One of the most annoying and misleading things in the DJ world is the "experimental" moniker, which lumps those who make a career out of being clever (Ooooh! He just mixed Guns N' Roses with Grand Master Flash!) with those who truly innovate. So it would be easy to dismiss Manchester wonder boy Mr. Scruff for his cutesy protozoa-like cartoons or his fascination with '70s-era children's TV shows if it weren't for the fact that his music, a catchy blend of off-kilter hip-hop, acid jazz, '70s funk, and broken beat, can rock the dance floor and make a record geek smile knowingly at the same time.
Actually, his latest effort, Trouser Jazz, is less experimental than it is a musical glimpse into the manic and improvisational mind of Scruff, who's able to temper his vinyl junkie urge to drop rare groove samples with that of a practiced club jock who knows how to get his audience to shake it. You might detect a little disco keyboard or a James Brown funk in any given cut, but Trouser Jazz reshuffles these themes in an order purely its own.
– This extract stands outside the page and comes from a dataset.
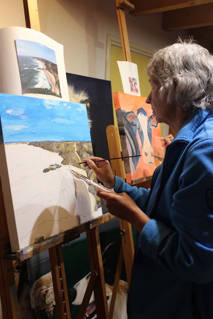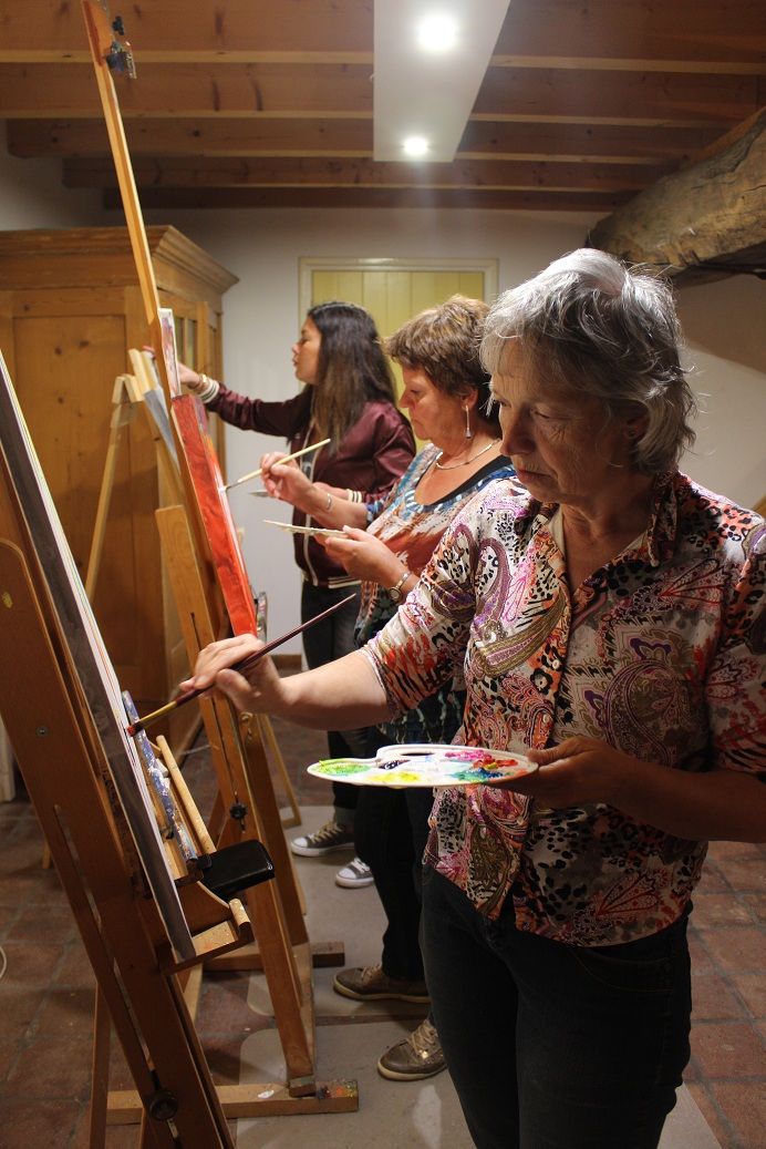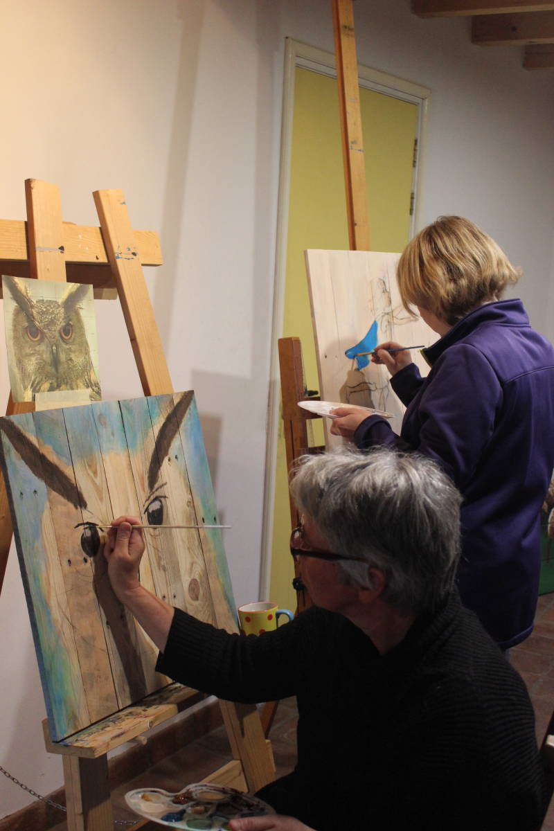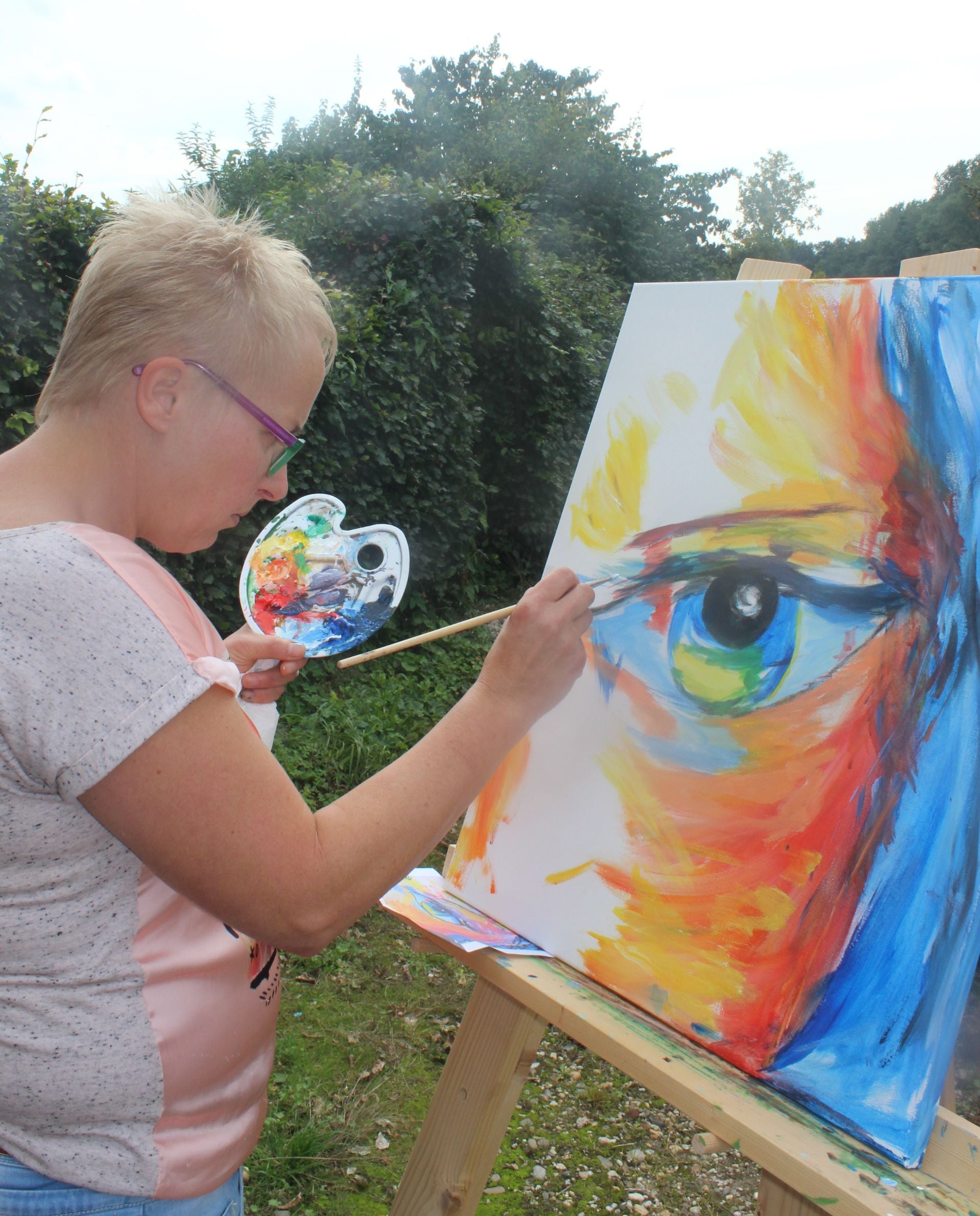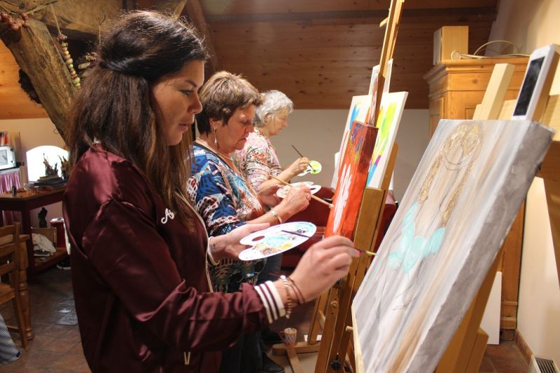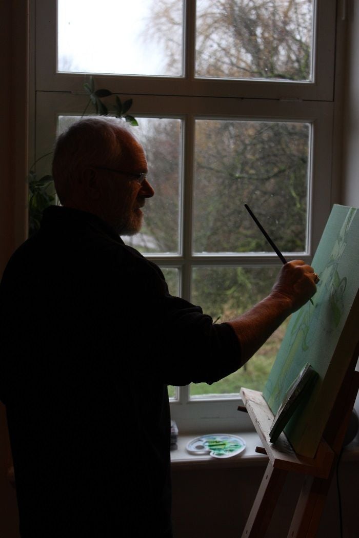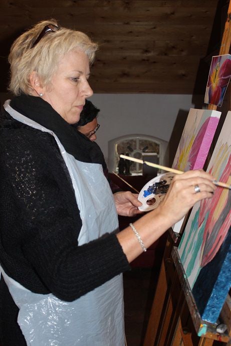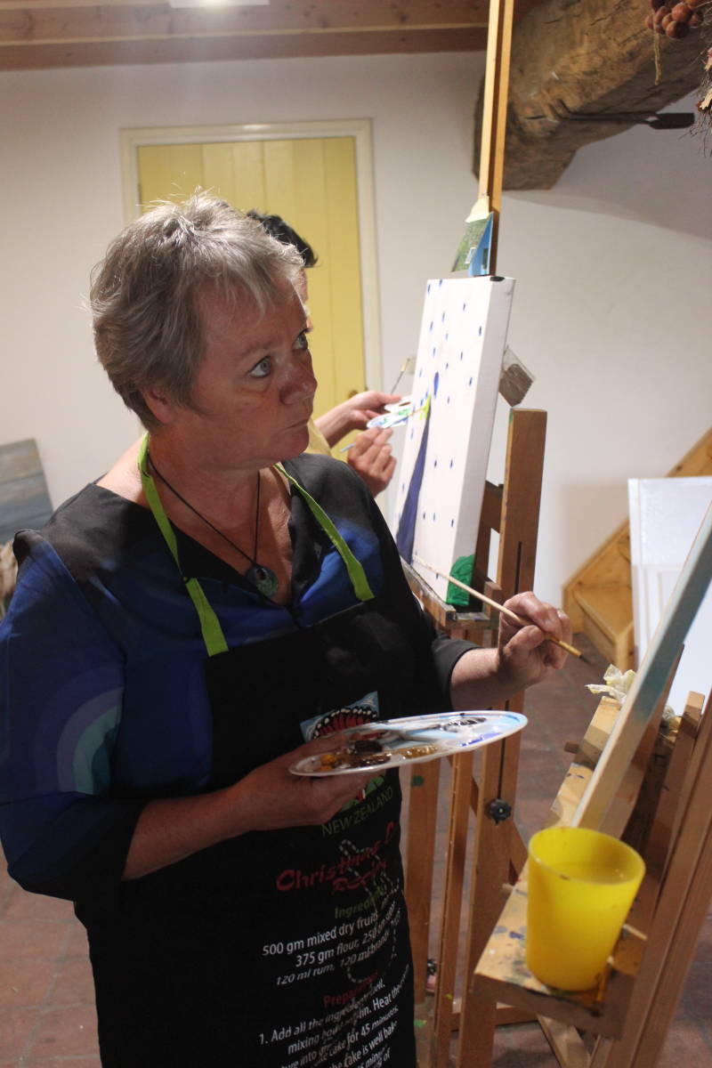 We starten met een kopje koffie of thee en maken een eerste opzet op een doek van 50 x 50 cm. Bij mooi weer schilderen we buiten.

Scruff's live DJ sets are famously all over the place, and he constantly pulls the rug out from under his audience before they get too settled into one kind of groove. But while Trouser Jazz reflects his short attention span behind the decks, the record never feels skittish or abrasive. There's a warm goofiness that runs throughout, and nearly every cut is anchored by a funky bass line or the kind of house party beats you could bump in your living room. Scruff throws a lot of curve balls and a few of them miss, but he always manages to win you back with the next track. There's something exhilarating about not knowing where you're going, but knowing that it's gonna be good.